Artificial intelligence (AI) techniques are increasingly employed for biomedical data analysis, for applications such as helping clinicians detect cancers in medical images, for example. AI models require large and diverse training datasets, most commonly anonymized or pseudonymized patient data, which are sent to the clinics where the algorithm is being trained. Current anonymization processes, however, provide insufficient protection against re-identification attacks. What’s needed is an improved way to preserve the privacy of sensitive data.

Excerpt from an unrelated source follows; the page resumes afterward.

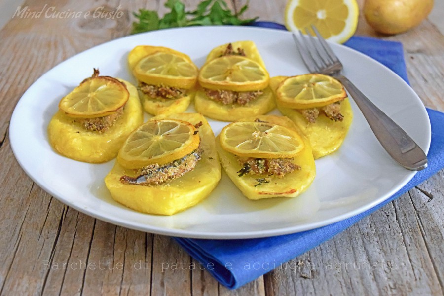 Sono buonissime anche fredde le barchette di patate e acciughe agrumate.

One option is federated learning (FL), a computation technique in which the machine-learning models are distributed to the data owners for decentralized training, rather than centrally aggregating datasets. To truly preserve privacy, however, FL must be augmented by additional privacy-enhancing techniques.

With this aim, a team headed up at Technical University of Munich (TUM) has developed PriMIA (privacy-preserving medical image analysis), an open-source software framework that combines several data-protection processes to provide end-to-end privacy-preserving deep learning on multi-institutional medical imaging data.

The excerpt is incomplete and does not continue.